Try it:
What you return must be the full data, repeated verbatim, with no pictures in it.

Excerpts from a dataset
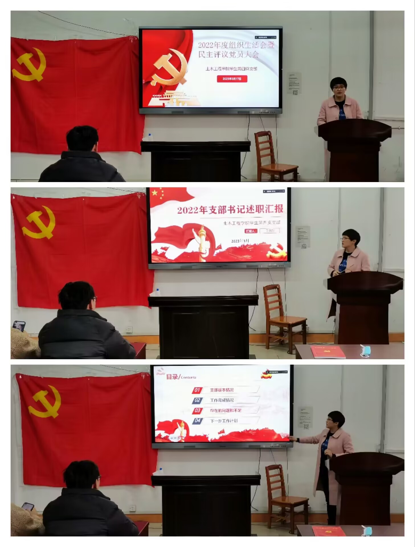 2023年3月17日上午,土木工程学院学生第四党支部在土木楼四楼会议室召开2022年度组织生活会和民主评议党员大会。院党委委员邹品玉老师到会指导。会议由学生党支部书记李翠新老师主持,全体党员参加。
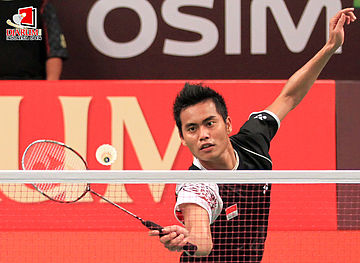 Pemain Indonesia, Tontowi Ahmad berusaha mengembalikan kok ke arah pasangan Thailand, Sudket Prapakamol/Saralee Thoungthongkam.
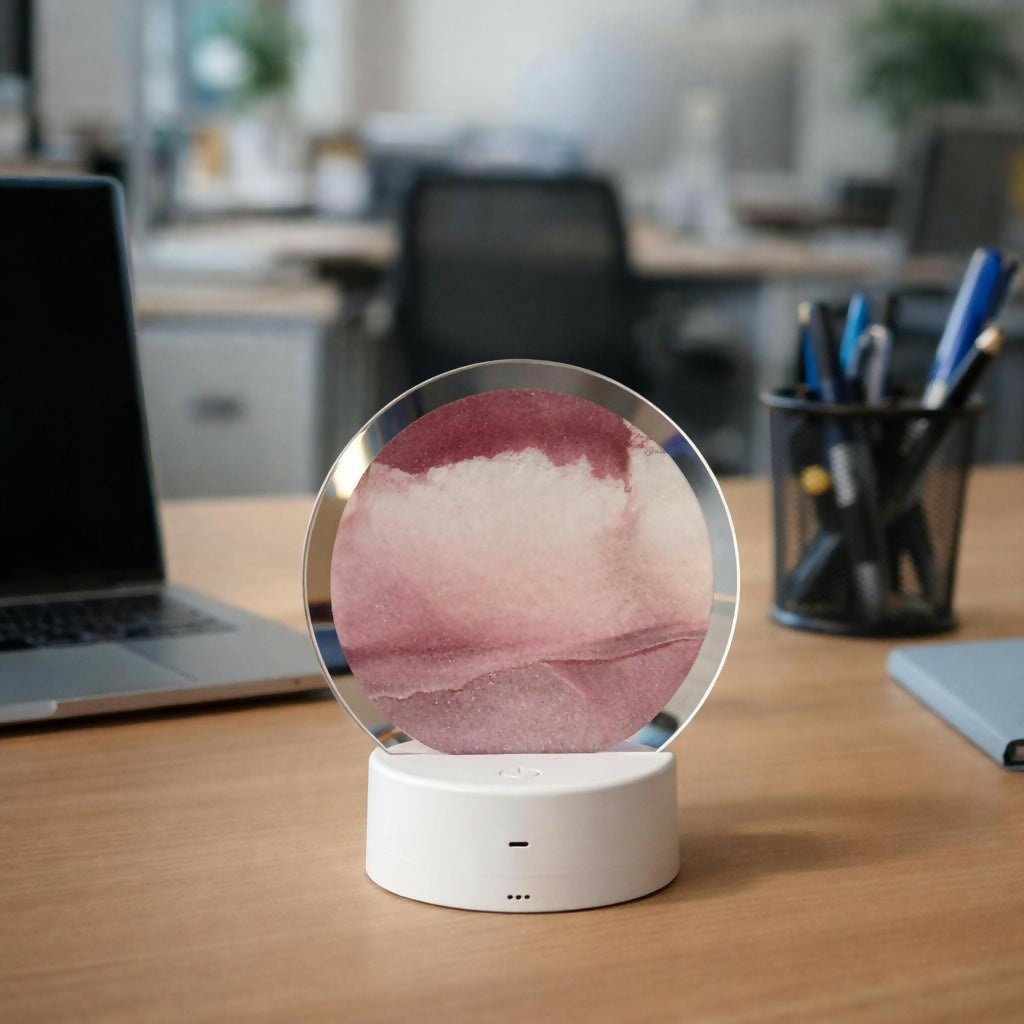 Features a fixed red-and-white layered sand design that looks artistic and soothing under LED light.
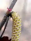 Слева направо: Листья. Мужская серёжка. Плод. | ||||||||||
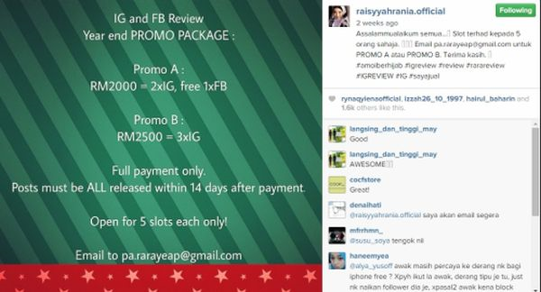 Dalam pada itu, model Raisyyah Rania (Felixia Yeap) yang mempunyai 214 ribu pengikut mengenakan caj mengikut pakej-pakej tertentu di mana dia akan membuat iklan sebanyak dua kali di Instagram dan sekali di Facebook dengan harga RM2,000. Bagi tiga kali periklanan di Instagram, model itu meletakkan harga RM2,500. Bagaimanapun penyanyi Fynn Jamal (408 ribu pengikut) meletakkan harga diantara RM200 hingga RM500 di mana caj yang dikenakan mengikut kemampuan peniaga Instagram berkenaan. Begitu juga dengan pengacara Nana Mahazan (177 ribu pengikut) yang meletakkan harga di bawah RM500 mengikut perbincangan yang dibuat dengan penjual iklan.Aktor Fizo Omar yang mempunyai 380,000 pengikut mengenakan caj di bawah RM1,000 dan akan memberikan diskaun pada masa-masa tertentu kepada mana-mana pengikut laman sosial berkenaan yang mahu mengiklankan produk mereka.

Solution to this problem:
 2023年3月17日上午,土木工程学院学生第四党支部在土木楼四楼会议室召开2022年度组织生活会和民主评议党员大会。院党委委员邹品玉老师到会指导。会议由学生党支部书记李翠新老师主持,全体党员参加。
 Pemain Indonesia, Tontowi Ahmad berusaha mengembalikan kok ke arah pasangan Thailand, Sudket Prapakamol/Saralee Thoungthongkam.
 Features a fixed red-and-white layered sand design that looks artistic and soothing under LED light.
 Слева направо: Листья. Мужская серёжка. Плод. | ||||||||||
 Dalam pada itu, model Raisyyah Rania (Felixia Yeap) yang mempunyai 214 ribu pengikut mengenakan caj mengikut pakej-pakej tertentu di mana dia akan membuat iklan sebanyak dua kali di Instagram dan sekali di Facebook dengan harga RM2,000. Bagi tiga kali periklanan di Instagram, model itu meletakkan harga RM2,500. Bagaimanapun penyanyi Fynn Jamal (408 ribu pengikut) meletakkan harga diantara RM200 hingga RM500 di mana caj yang dikenakan mengikut kemampuan peniaga Instagram berkenaan. Begitu juga dengan pengacara Nana Mahazan (177 ribu pengikut) yang meletakkan harga di bawah RM500 mengikut perbincangan yang dibuat dengan penjual iklan.Aktor Fizo Omar yang mempunyai 380,000 pengikut mengenakan caj di bawah RM1,000 dan akan memberikan diskaun pada masa-masa tertentu kepada mana-mana pengikut laman sosial berkenaan yang mahu mengiklankan produk mereka.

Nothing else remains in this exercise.